[Start of Attachment]

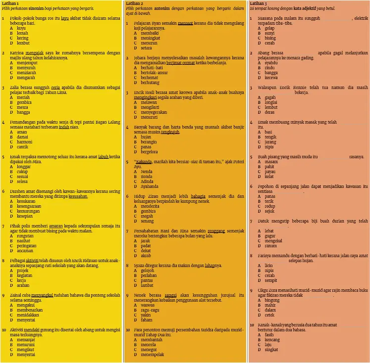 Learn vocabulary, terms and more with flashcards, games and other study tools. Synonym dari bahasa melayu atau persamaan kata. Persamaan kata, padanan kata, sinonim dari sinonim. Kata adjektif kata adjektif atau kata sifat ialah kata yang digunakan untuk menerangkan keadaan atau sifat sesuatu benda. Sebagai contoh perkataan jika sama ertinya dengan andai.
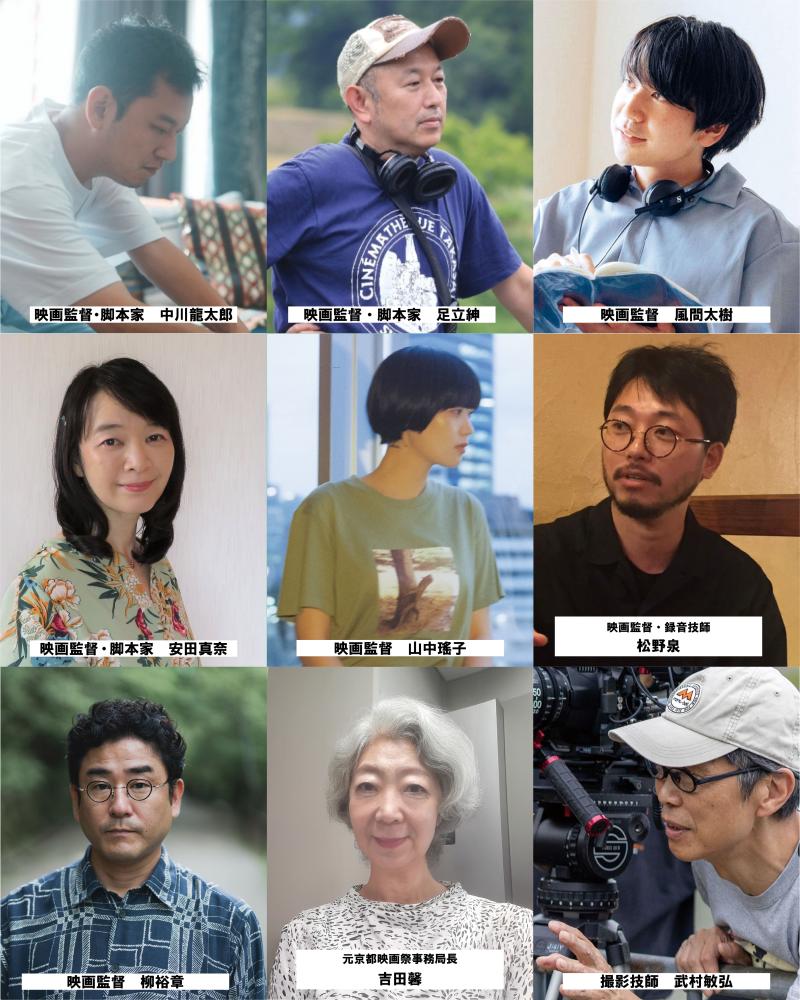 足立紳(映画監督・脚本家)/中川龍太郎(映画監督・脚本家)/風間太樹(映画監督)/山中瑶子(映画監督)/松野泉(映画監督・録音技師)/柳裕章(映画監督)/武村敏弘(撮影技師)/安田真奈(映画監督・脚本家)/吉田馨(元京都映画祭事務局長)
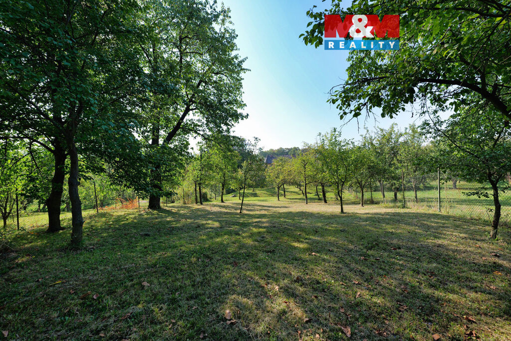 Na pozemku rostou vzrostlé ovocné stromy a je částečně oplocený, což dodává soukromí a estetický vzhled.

[End of Attachment]

## Exercise goal
Repeat the data above exactly, but not the pictures.

## Solution below
 Learn vocabulary, terms and more with flashcards, games and other study tools. Synonym dari bahasa melayu atau persamaan kata. Persamaan kata, padanan kata, sinonim dari sinonim. Kata adjektif kata adjektif atau kata sifat ialah kata yang digunakan untuk menerangkan keadaan atau sifat sesuatu benda. Sebagai contoh perkataan jika sama ertinya dengan andai.
 足立紳(映画監督・脚本家)/中川龍太郎(映画監督・脚本家)/風間太樹(映画監督)/山中瑶子(映画監督)/松野泉(映画監督・録音技師)/柳裕章(映画監督)/武村敏弘(撮影技師)/安田真奈(映画監督・脚本家)/吉田馨(元京都映画祭事務局長)
 Na pozemku rostou vzrostlé ovocné stromy a je částečně oplocený, což dodává soukromí a estetický vzhled.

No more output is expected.